The human dataset consists of recordings for 14 subjects (4 females, 10 males). Subjects performed each gesture twice, once for each of eight camera orientations (0º, 45º, ..., 315º). Some gestures can only be performed with one repetition (halt, advance), whereas others can have multiple repetitions (e.g., move in reverse); in the latter case, we instructed subjects to perform the gestures with as many repetitions as it felt natural to them. The videos were recorded in open environments over four different sessions. The procedure for the data collection was approved by the US Army Research Laboratory IRB, and the subjects gave informed consent to share the data. The average length of each gesture performance varied from 2 to 5 seconds and 1,574 video segments of gestures were collected. The video frames were manually annotated using custom tools we developed. The frames before and after the gesture performance were labelled 'Idle'. Notice that since the duration of the actual gesture - i.e., non-idle motion - varied per subject and gesture type, the dataset includes comparable, but not equal, number of frames for each gesture.

To synthesize the gestures, we built a virtual human simulator using a commercial game engine, namely Unity. The 3D models for the character bodies were retrieved from Mixamo, the 3D models for the face were generated on FaceGen, and the characters were assembled using 3ds Max. The character bodies were already rigged and ready for animation. We created four characters representative of the domains we were interested in: male in civilian and camouflage uniforms, and female in civilian and camouflage uniforms. Each character can be changed to reflect a Caucasian, African-American, and East Indian skin color. The simulator also supports two different body shapes: thin and thick. The seven gestures were animated using standard skeleton-animation techniques. Three animations, using the human data as reference, were created for each gesture. The simulator supports performance of the gestures with an arbitrary number of repetitions and at arbitrary speeds. The characters were also endowed with subtle random motion for the body. The background environments were retrieved from the Ultimate PBR Terrain Collection available at the Unity Asset Store. Finally, the simulator supports arbitrary camera orientations and lighting conditions.

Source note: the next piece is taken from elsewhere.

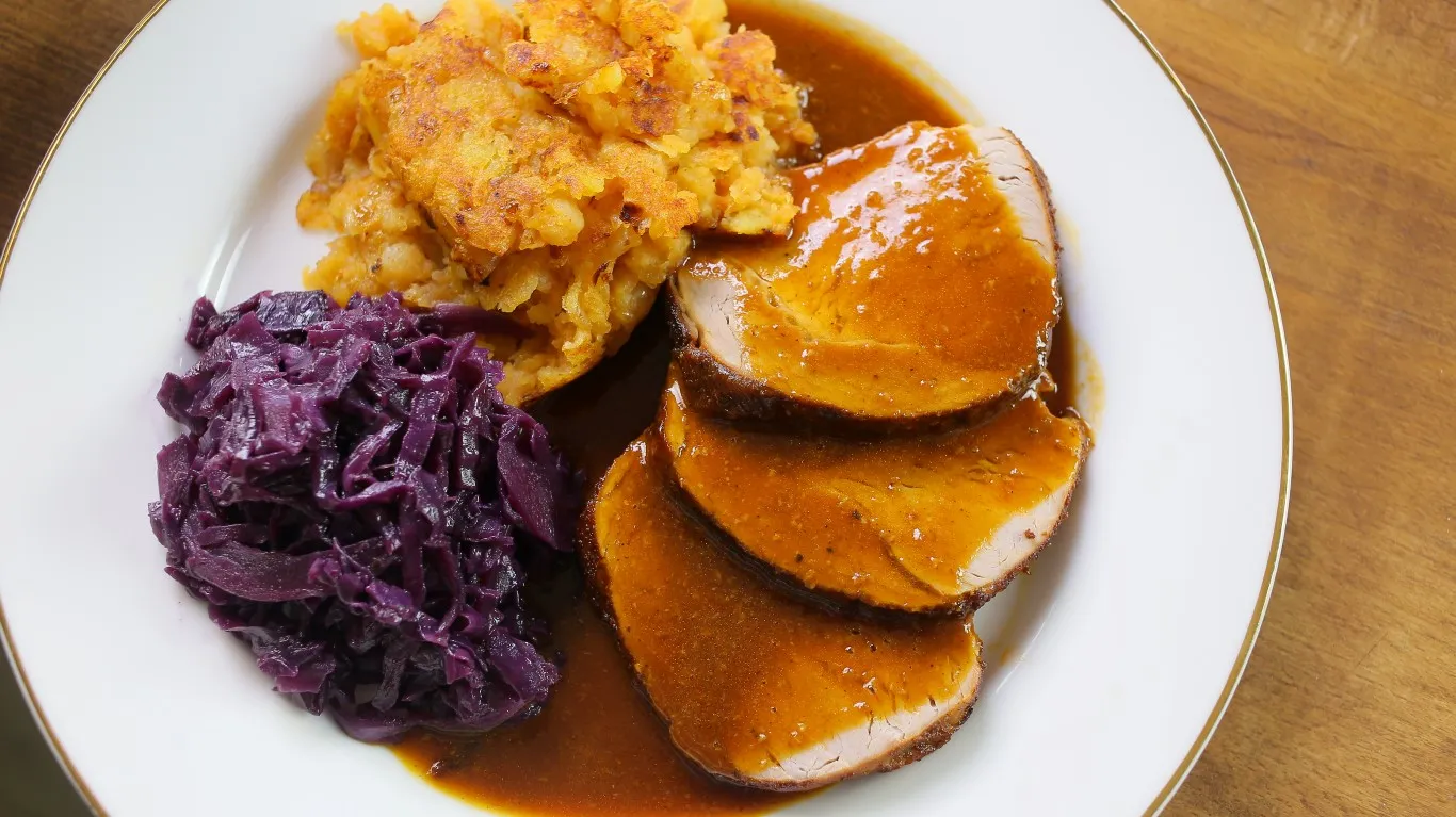 Egy forró serpenyőben megolvasztjuk a sertészsírt, majd megpároljuk és lepirítjuk rajta a felaprított hagymát. Összeforgatjuk vele a pirospaprikát és a főtt krumplit, majd egy krumplinyomóval összetörjük az egészet. Sózzuk, borsozzuk és nagy lángon alaposan lepirítjuk.Egy pár szelet karajt egy tányérra teszünk, meglocsoljuk a pecsenyelével, majd pirított burgonyát és párolt káposztát teszünk mellé.
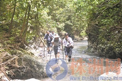 譚忠誠等人蹚水前行,尋找棚灣糧倉,發現了珍稀的穗花杉 譚忠誠 攝

The synthetic dataset was generated by systematically varying the aforementioned parameters. In total, 117,504 videos were synthesized. The average video duration was between 3 to 5 seconds. To generate the dataset, we ran several instances of Unity, across multiple machines, over the course of two days. The labels for these videos were automatically generated, without any need for manual annotation.

Usage notes

The following files are available with the dataset:

  •, ..., (26.2 GB): Raw videos for the human subjects performing the gestures and annotations
  •, ..., rocog_human_frames.z02 (18.7 GB): Frames for human data used for training and testing. Each folder also has annotations for gesture (label.bin), orientation (orientation.bin), and the number of times the gesture is repeated (repetitions.bin)
  •, ..., rocog_synth_frames.z09 (~85.0 GB): Frames for synthetic data used for training and testing. Each folder also has annotations for gesture (label.bin), orientation (orientation.bin), and the number of times the gesture is repeated (repetitions.bin)

The labels are saved into Python binary struct arrays. Each file contains one entry per frame in the corresponding directory. Here's Python sample code to open these files:

import glob
import os
import struct

frames_dir = 'FemaleCivilian\\10_Advance_11_1_2019_19_6_29'
frame_count = len(glob.glob(os.path.join(frames_dir, '*[0-9].png')))
fmt_str = '<{}i'.format(frame_count)
labels = list(struct.unpack(fmt_str, open(os.path.join(frames_dir, 'label.bin'), 'rb').read()))

The gesture labels are as follows: 0, advance; 1, attention; 2, rally; 3, move forward; 4, halt; 5, follow me; 6, move in reverse.